Implementation details
Training was performed using standard SGD with momentum set to 0.9, with synchronous parallelization across 2 GPUs of NVIDIA® Tesla® P40. We trained models for 100 epochs, with a learning rate of 1e− 3 and a weight decay of 1e− 5. We set a class weight of 0.75 for "other actions" class while 1 for "hand hygiene" and "touching equipment" class.

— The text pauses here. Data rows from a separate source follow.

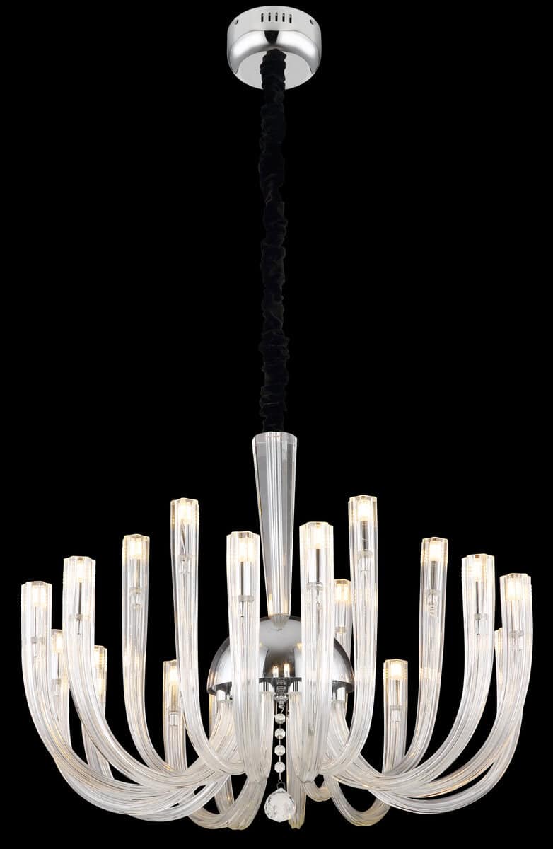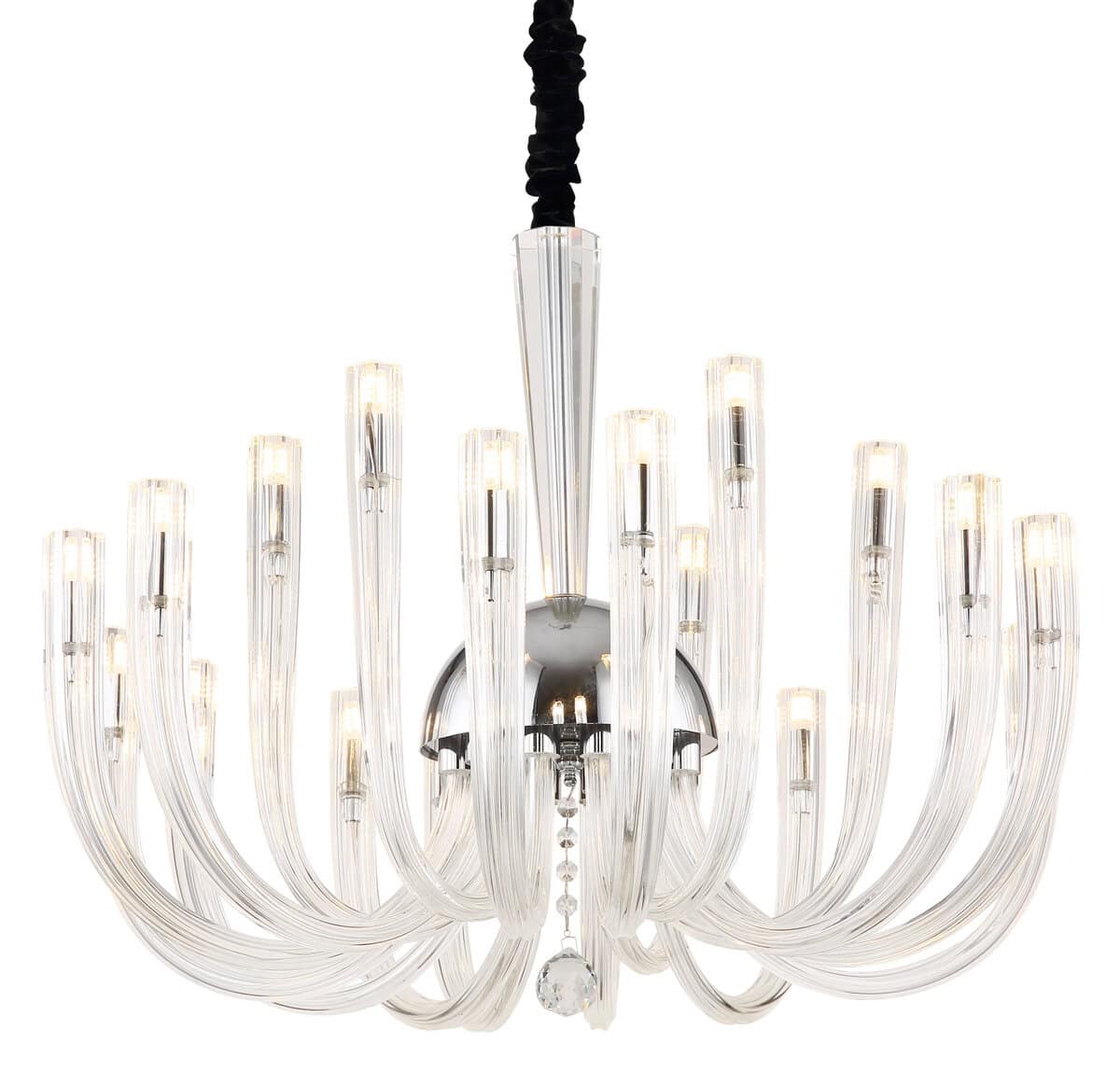 Viseća lampa je izrađena od hromiranog metala i prozirnih staklenih šipki raspoređenih u prečniku od 720 mm. Svetiljka se isporučuje bez sijalica i zahteva 18 G9 sijalica, svaka snage do 7 W i napona 230 V. Viseća lampa je prava pažnja i idealna je za moderne životne prostore. Lanac sa crnim baršunastim poklopcem daje lampi elegantan izgled. Sa dimenzijama od 720 mm (prečnik) i 1200 mm (visina), harmonično se uklapa u svaku prostoriju.
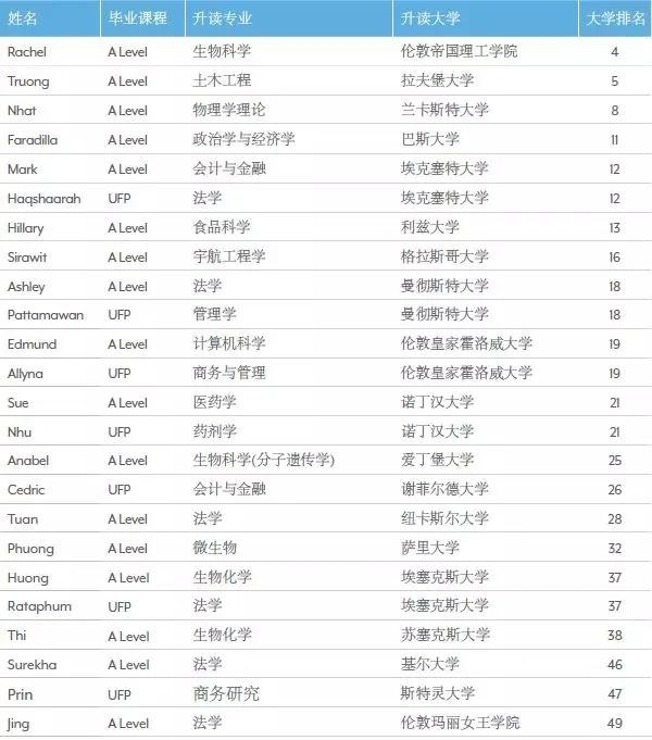 2019年我校东南亚毕业生升读走向 (部分)
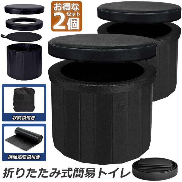 簡易トイレ 2個セット 非常用 災害用 テント 水洗 ポータブルトイレ 折りたたみトイレ 携帯トイレ トイレ キャンプ 耐荷重150kg 洗えるプラスチック製 防災トイレ 仮設 トイレ 車載 介護 かんいといれ 防災グッズ 車中泊グッズ 便座一体型 持ち運び 組立簡単
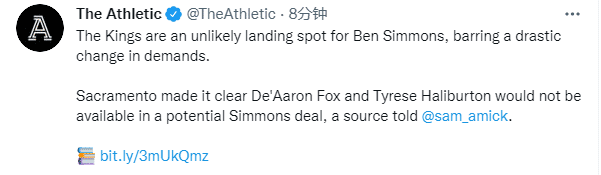 来源:24直播网09-02 10:4124直播网讯 北京时间9月2日,76人和国王关于西蒙斯的交易几乎谈崩,名记SamAmick曝光两队谈判的细节,国王队明确表态,拒绝交易福克斯和哈利伯顿两大新星,该名记还表示:除非76人的要价大幅度下降,否则西蒙斯短期内不会被交易到国王。
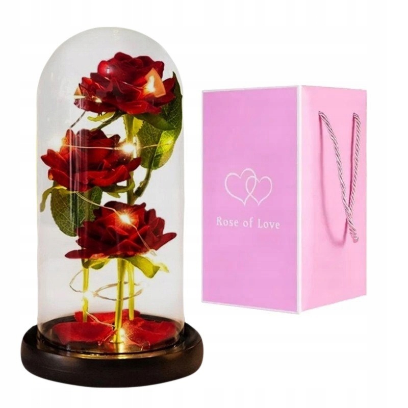 ВІЧНА РОЗА ДО ДНЯ СВЯТОГО ВАЛЕНТИНА ПОДАРУНОК КРИСТАЛ ПІД СКЛОНИМ КУПОЛОМ LED
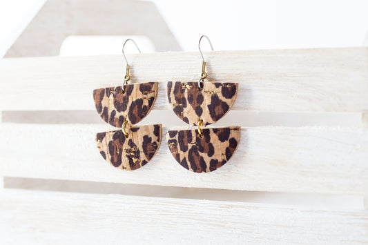 Leather Earrings / Demi Luna / Leopard Cork
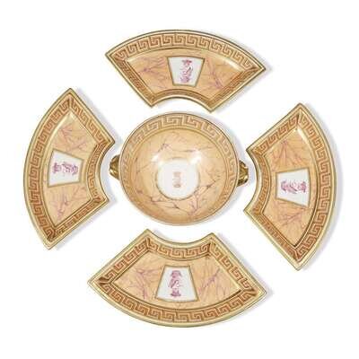Comprising a center bowl with carp-form handles and four sweetmeat dishes; unmarked. (5).
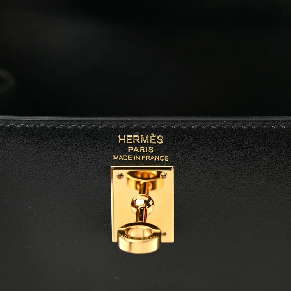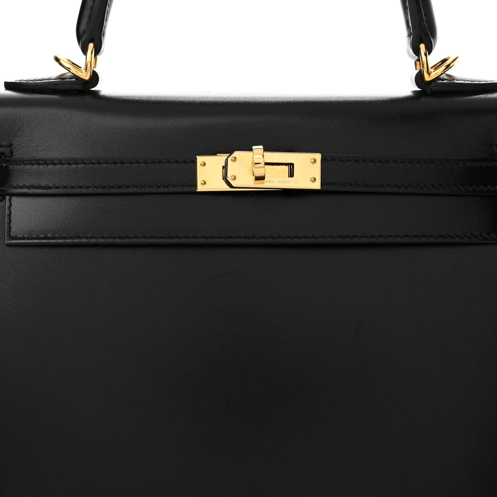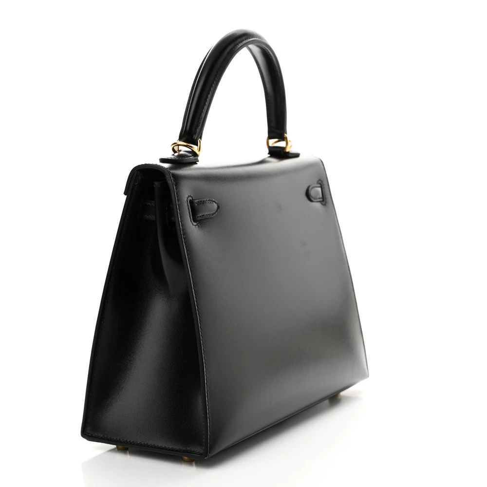 This Hermès Box Kelly Sellier 25 Black is a sleek and structured handbag crafted from smooth Box leather. The glossy finish enhances its sophisticated and timeless appeal. The Sellier construction maintains a sharp and elegant silhouette. Gold hardware adds a touch of warmth and luxury. This Kelly is a refined and iconic choice for collectors and fashion connoisseurs.
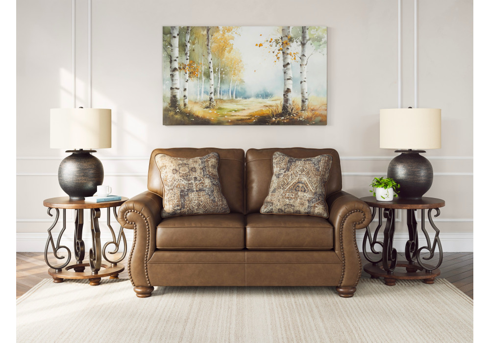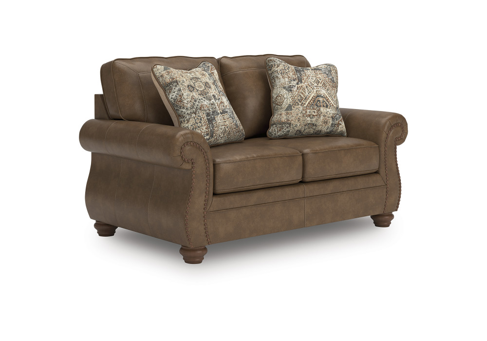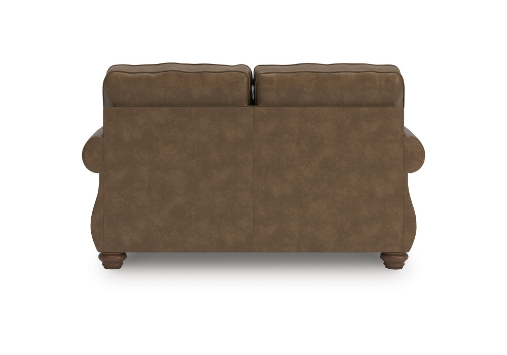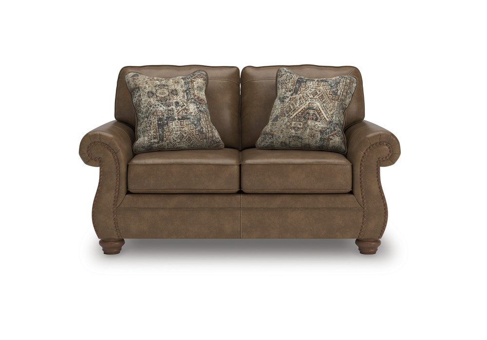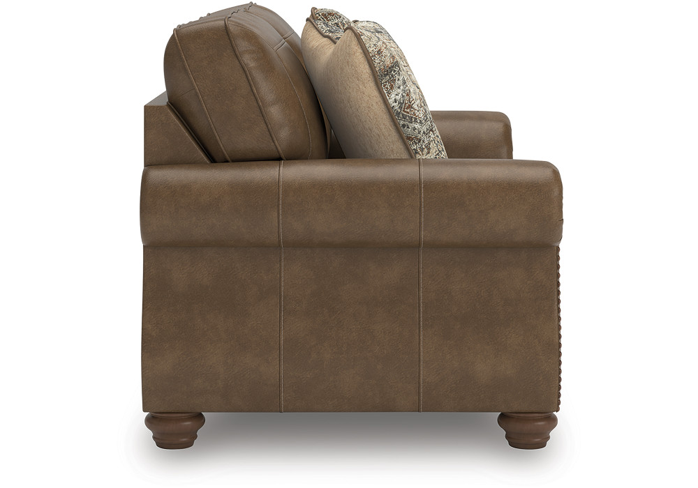 This beautifully crafted sofa in rich, faux leather upholstery combines rustic charm with modern durability while plush cushions invite you to relax and unwind. Traditional rolled arms are highlighted by classic nail head trim, adding a refined touch of sophistication. Distressed chenille accent pillows enhance the texture and visual appeal and the turned wooden legs complete the look with a nod to heritage craftsmanship.
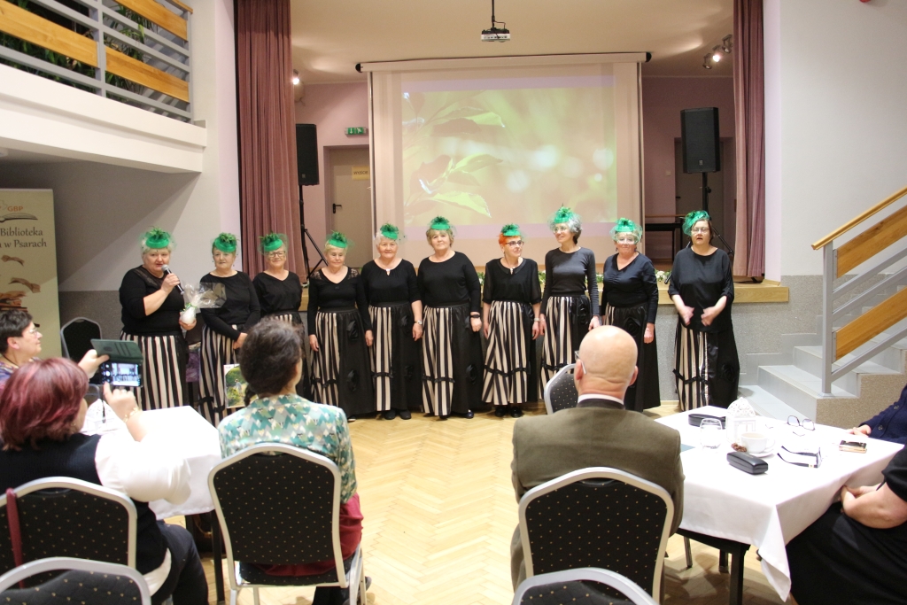 Wiosna to wiodący temat ostatniej KAWIARENKI LITERACKIEJ, która odbyła się w naszej bibliotece w miniony czwartek. Tradycyjnie już wspólną lekturę tekstów opowiadających, tym razem, o wiośnie uświetnił występ strzyżowickiego Teatru "Wszystko przed nami" pod kierownictwem Ewy Pawik. W przygotowanej przez teatr inscenizacji wykorzystano film zrealizowany przez Jessicę Goldę. Wiosenną literaturę czytali dla nas: Aleksander Jewak - przewodniczący Rady Gminy Psary, Maria Olszewska - nauczycielka SP Psary, Tomasz Sadłoń - Wójt Gminy Psary, Mirella Barańska-Sorn - Sekretarz Gminy Psary, Anna Nagły - radna, Anna Gwiazda - radna, Dorota Pronobis - Dyrektor SP Strzyżowice, Dyrektor GBP Psary Helena Warczok oraz stali bywalcy kawiarenki Danuta Kołacz, Katarzyna Litwinowicz oraz Łukasz Kwaśny.
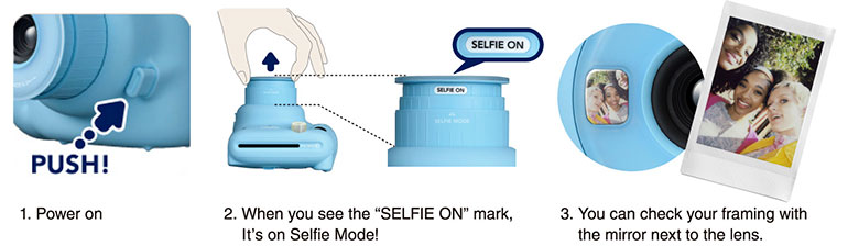 Si l’Instax Mini 11 reprend le petit miroir au niveau de l’optique utilisé déjà sur l’Instax Mini 9, un mode Selfie fait aussi son apparition. Une fonctionnalité indispensable pour la cible visée par ce type d’appareil.
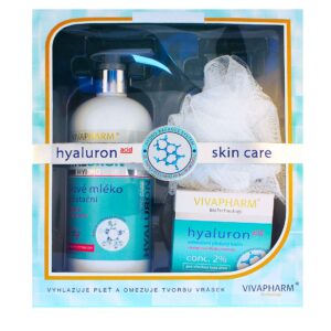 Vivaco Hyaluron Acid Care dárková sada pleťový krém s kyselinou hyaluronovou 50 ml + tělové mléko s kyselinou hyaluronovou 400 ml + masážní žínka
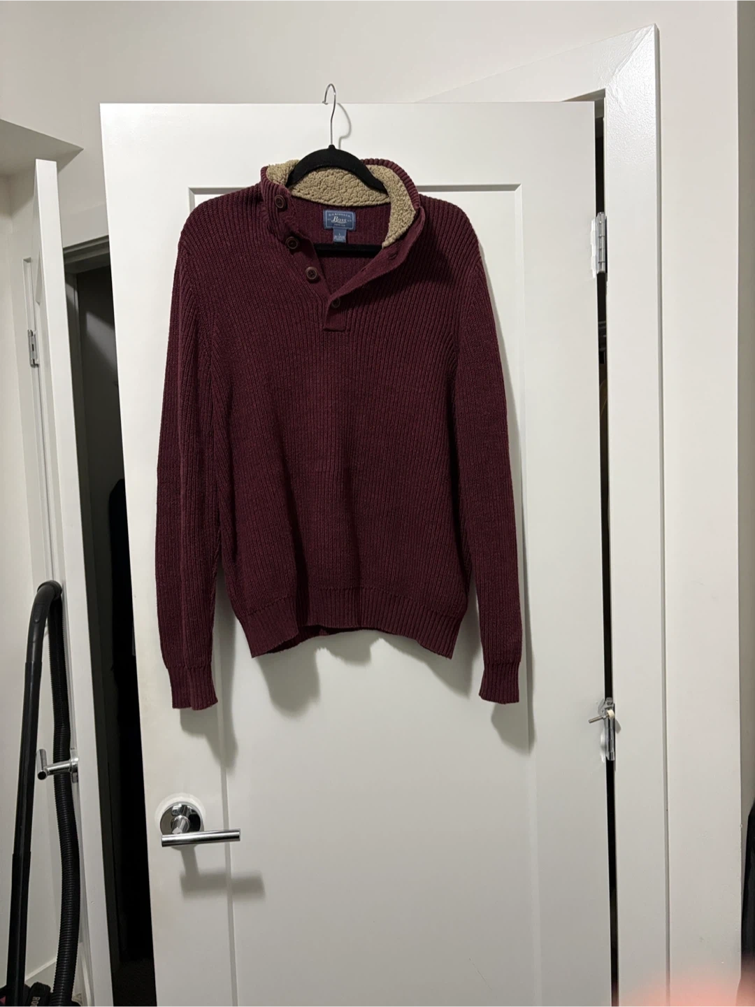 This G.H. Bass & Co. pullover sweater is a cozy burgundy knit with a comfortable sherpa-lined collar. It features a four-button placket at the neck for adjustable warmth. It's a great casual piece for cooler weather!
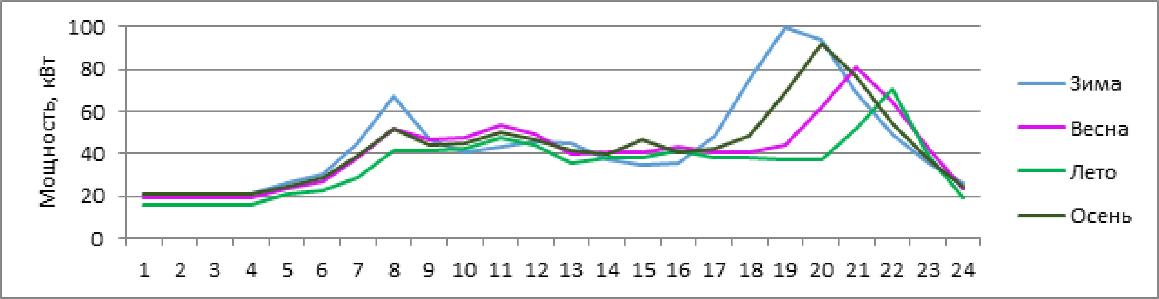 Рис. 2. Суточные графики электрических нагрузок с. Усть-Соболевка для 4-х сезонов

Data augmentation was performed spatially and temporally. In spatial augmentation, a real-time multi-scale cropping was applied around the bounding box. The random scale was chosen ranging from 0.75 to 1.10 times its original size to include the original bounding boxes. In addition, a random horizontal flipping with a probability of 0.5 and brightness jittering with an extent from − 0.1 to 0.1 was applied. All of the input was scaled to 224 pixel size and center-cropped. In temporal augmentation, we adapted a sliding window fashion with different size of stride per class. A number of 1, 1, and 3 which are inversely proportional to the average number of image frames for hand hygiene, touching equipment, and other actions, respectively.